Unraveling Macrophage Polarization: Functions, Mechanisms, and "Double-Edged Sword" Roles in Host Antiviral Immune Responses

Numerous viruses that propagate through the respiratory tract may be initially engulfed by macrophages (Ms) within the alveoli, where they complete their first replication cycle and subsequently infect the adjacent epithelial cells. This process can lead to significant pathological damage to tissues and organs, leading to various diseases. As essential components in host antiviral immune systems, Ms can be polarized into pro-inflammatory M1 Ms or anti-inflammatory M2 Ms, a process involving multiple signaling pathways and molecular mechanisms that yield diverse phenotypic and functional features in response to various stimuli. In general, when infected by a virus, M1 macrophages secrete pro-inflammatory cytokines to play an antiviral role, while M2 macrophages play an anti-inflammatory role to promote the replication of the virus.

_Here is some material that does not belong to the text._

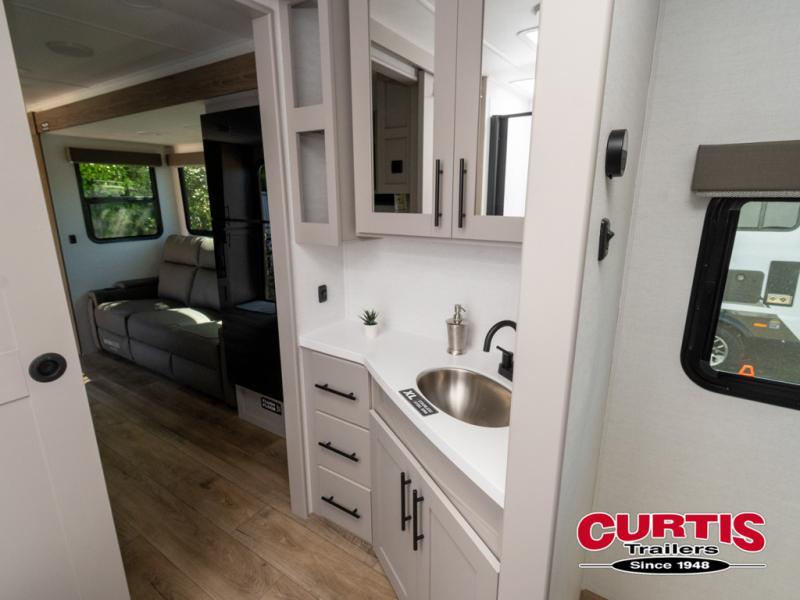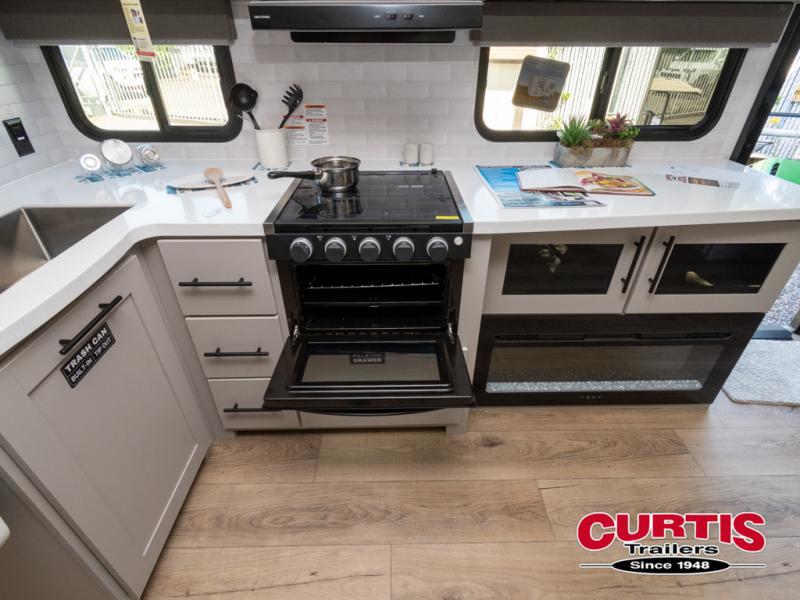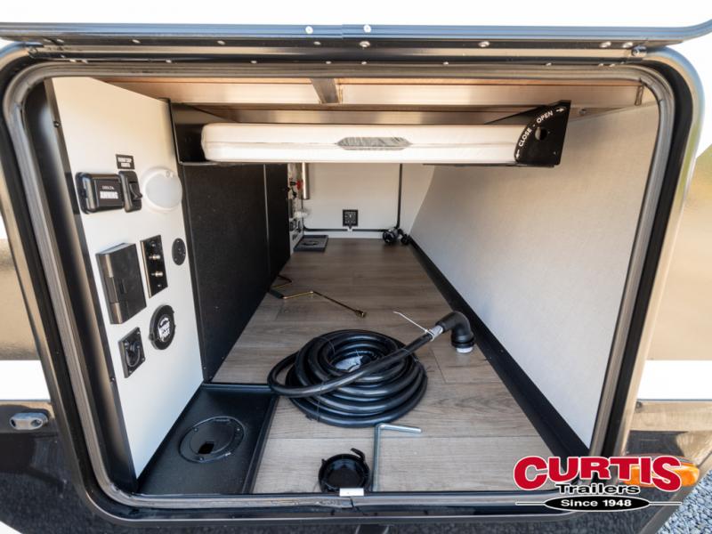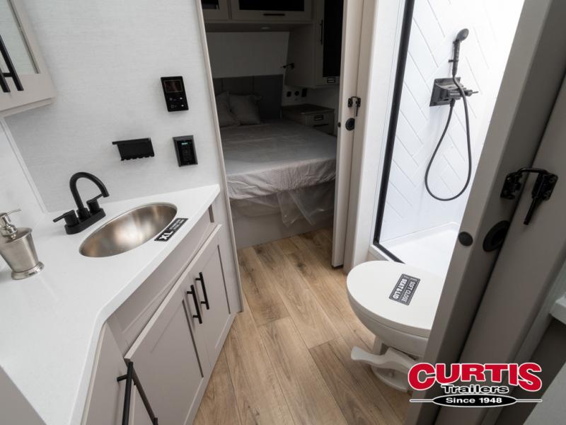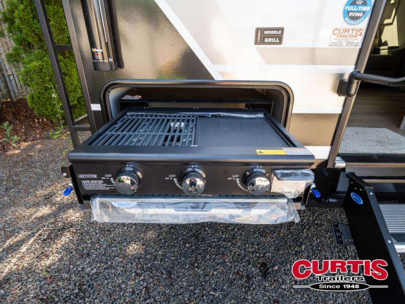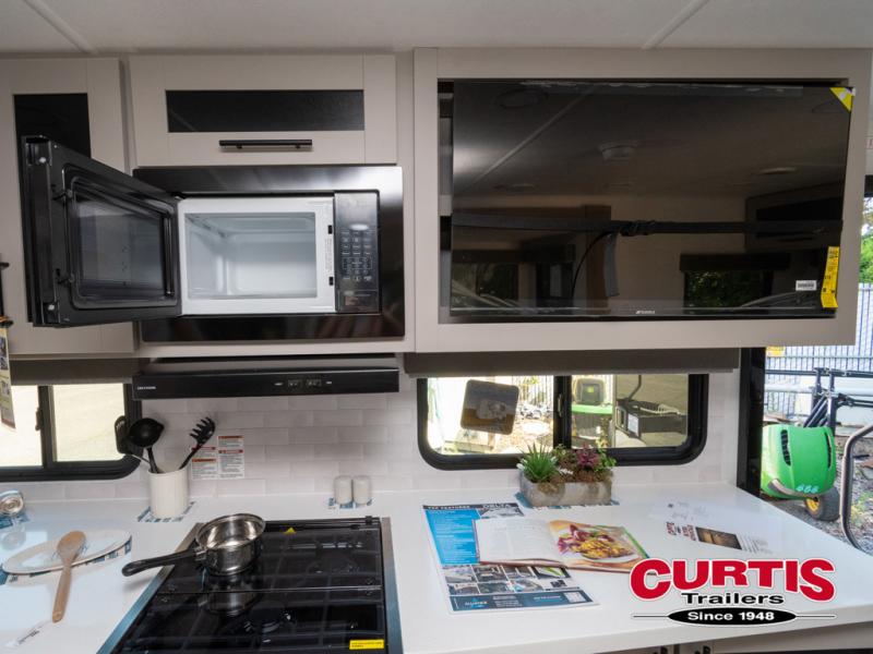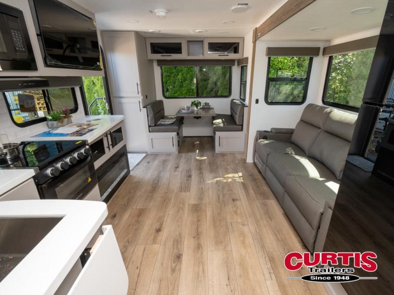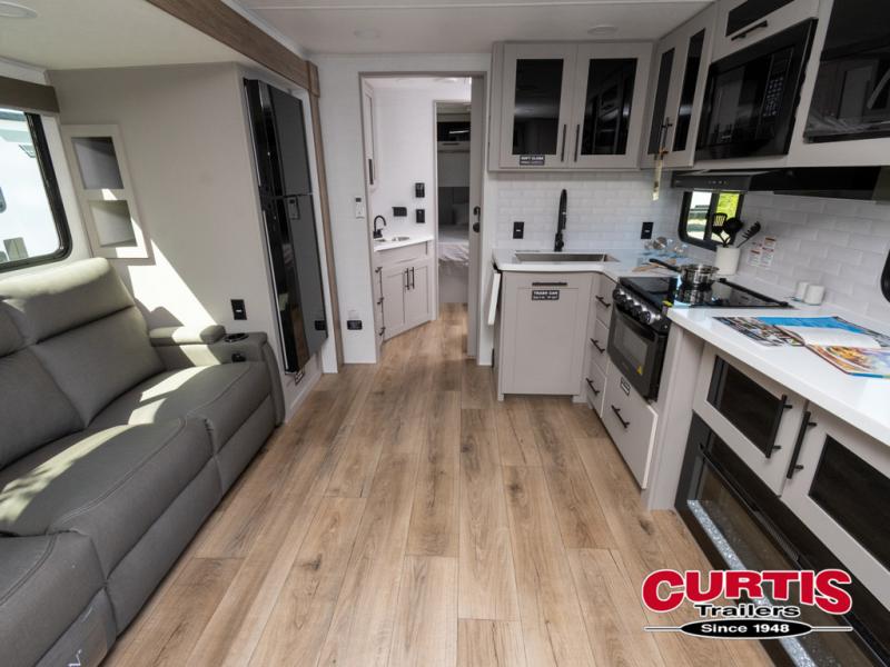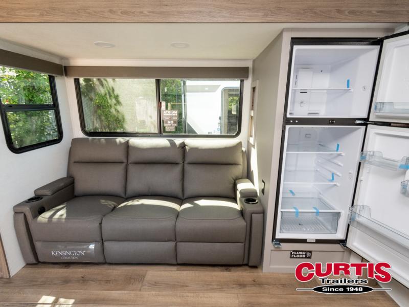 Grab your hiking boots and your sense of adventure for fun camping trips in this single slide out travel trailer. The rear booth dinette includes overhead storage for your things and the sofa slide out is in great view of the 40" HDTV. There is also a fireplace here that will make your space feel more like home plus more storage space, including an entryway pantry and storage above the 10 cu. ft. 12V refrigerator. A walk-through bath will take you to the front master bedroom with a queen bed, wardrobe nightstands, plus its own exterior entry door!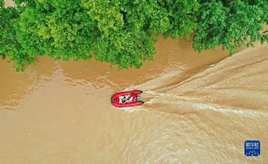 救援人员在河北省涿州市市区内驾驶冲锋舟转移群众 图片来源:新华社

However, recent studies have shown that some viruses may exhibit the opposite trend. Viruses have evolved various strategies to disrupt M polarization for efficient replication and transmission. Notably, various factors, such as mechanical softness, the altered pH value of the endolysosomal system, and the homeostasis between M1/M2 Ms populations, contribute to crucial events in the viral replication cycle. Here, we summarize the regulation of M polarization, virus-induced alterations in M polarization, and the antiviral mechanisms associated with these changes. Collectively, this review provides insights into recent advances regarding M polarization in host antiviral immune responses, which will contribute to the development of precise prevention strategies as well as management approaches to disease incidence and transmission.